## Your goal
Extract each line of the material that follows exactly and omit its pictures.

## Collected material
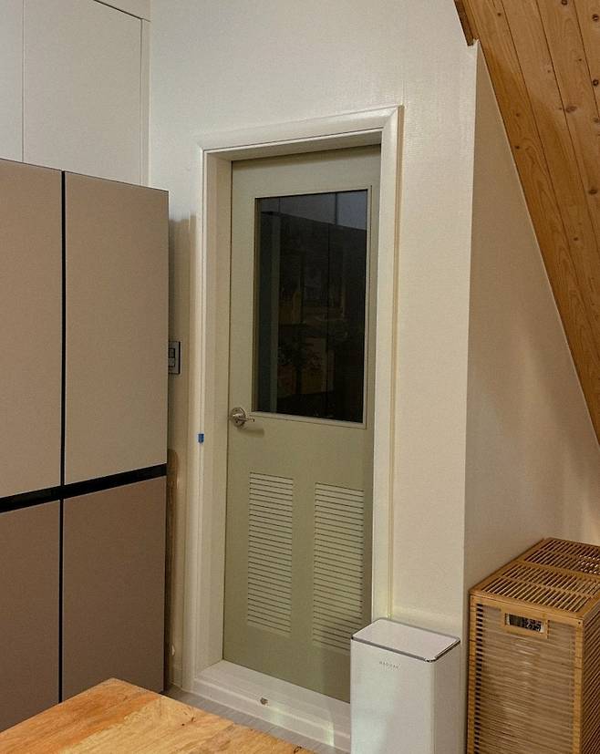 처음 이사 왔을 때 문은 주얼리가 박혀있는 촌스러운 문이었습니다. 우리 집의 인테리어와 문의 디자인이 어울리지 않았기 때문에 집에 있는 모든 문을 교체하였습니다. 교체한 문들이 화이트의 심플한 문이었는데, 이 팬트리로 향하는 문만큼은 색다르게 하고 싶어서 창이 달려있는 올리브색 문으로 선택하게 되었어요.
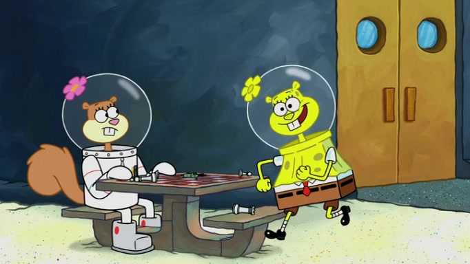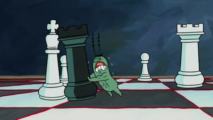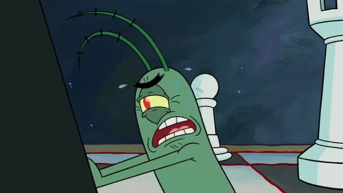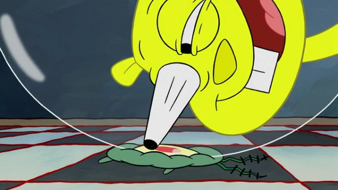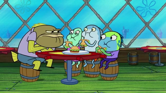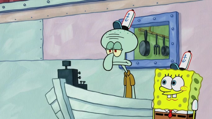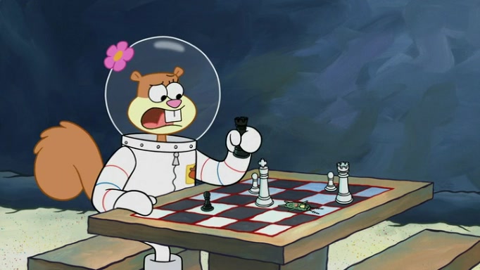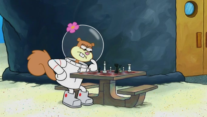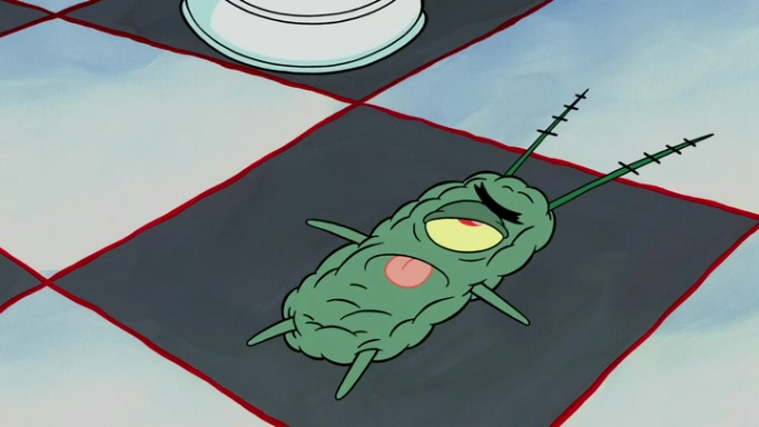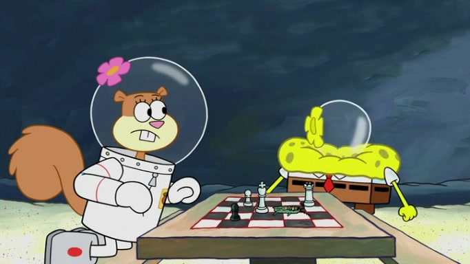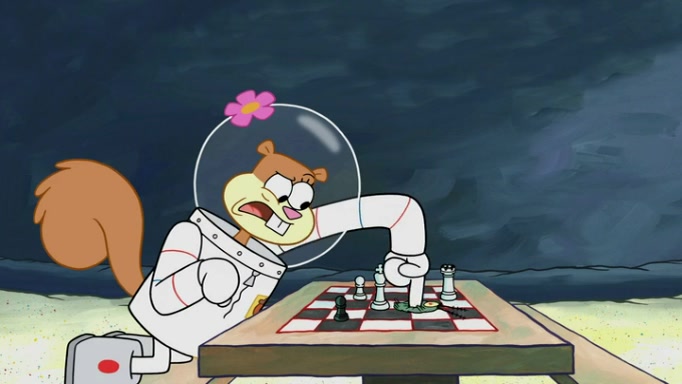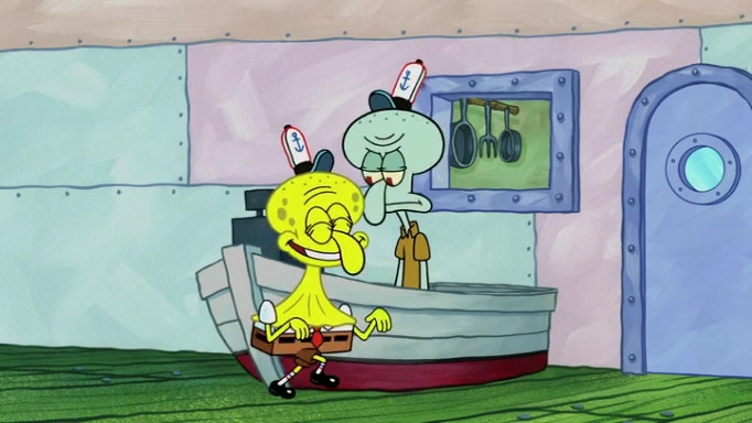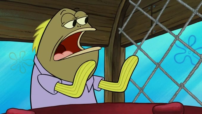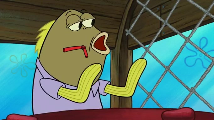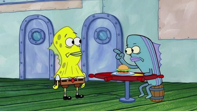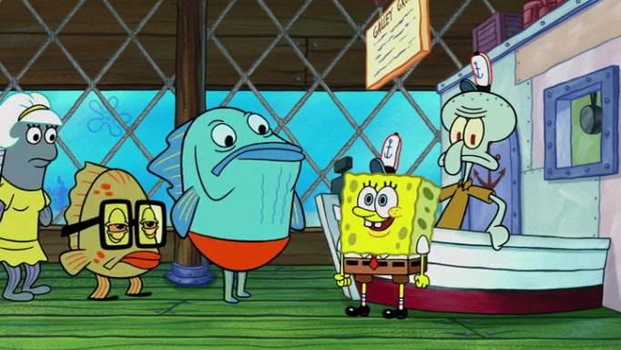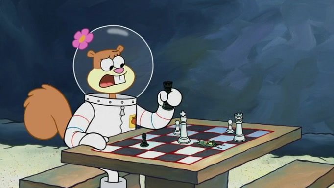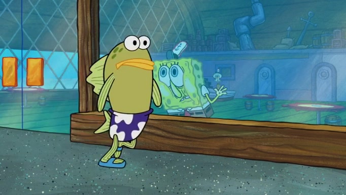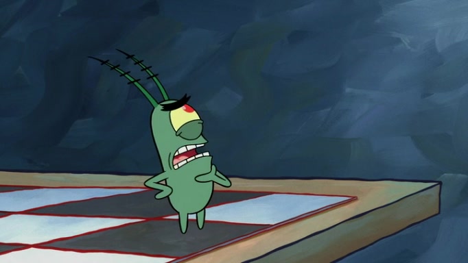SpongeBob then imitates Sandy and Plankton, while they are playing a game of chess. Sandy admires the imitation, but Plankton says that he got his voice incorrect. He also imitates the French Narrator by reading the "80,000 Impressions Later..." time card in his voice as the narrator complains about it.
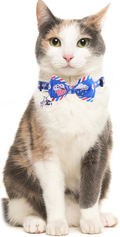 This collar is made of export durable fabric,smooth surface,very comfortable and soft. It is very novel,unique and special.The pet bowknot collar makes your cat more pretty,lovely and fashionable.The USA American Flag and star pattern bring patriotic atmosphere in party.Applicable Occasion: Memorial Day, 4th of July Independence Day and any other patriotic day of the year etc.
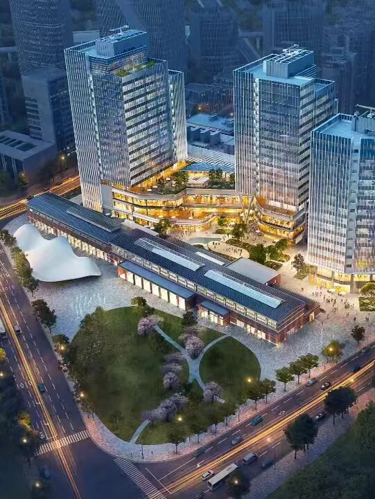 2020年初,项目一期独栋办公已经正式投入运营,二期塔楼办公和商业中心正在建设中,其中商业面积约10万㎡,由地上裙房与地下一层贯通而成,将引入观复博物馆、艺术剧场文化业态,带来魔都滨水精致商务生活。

## Solution below
 처음 이사 왔을 때 문은 주얼리가 박혀있는 촌스러운 문이었습니다. 우리 집의 인테리어와 문의 디자인이 어울리지 않았기 때문에 집에 있는 모든 문을 교체하였습니다. 교체한 문들이 화이트의 심플한 문이었는데, 이 팬트리로 향하는 문만큼은 색다르게 하고 싶어서 창이 달려있는 올리브색 문으로 선택하게 되었어요.
SpongeBob then imitates Sandy and Plankton, while they are playing a game of chess. Sandy admires the imitation, but Plankton says that he got his voice incorrect. He also imitates the French Narrator by reading the "80,000 Impressions Later..." time card in his voice as the narrator complains about it.
 This collar is made of export durable fabric,smooth surface,very comfortable and soft. It is very novel,unique and special.The pet bowknot collar makes your cat more pretty,lovely and fashionable.The USA American Flag and star pattern bring patriotic atmosphere in party.Applicable Occasion: Memorial Day, 4th of July Independence Day and any other patriotic day of the year etc.
 2020年初,项目一期独栋办公已经正式投入运营,二期塔楼办公和商业中心正在建设中,其中商业面积约10万㎡,由地上裙房与地下一层贯通而成,将引入观复博物馆、艺术剧场文化业态,带来魔都滨水精致商务生活。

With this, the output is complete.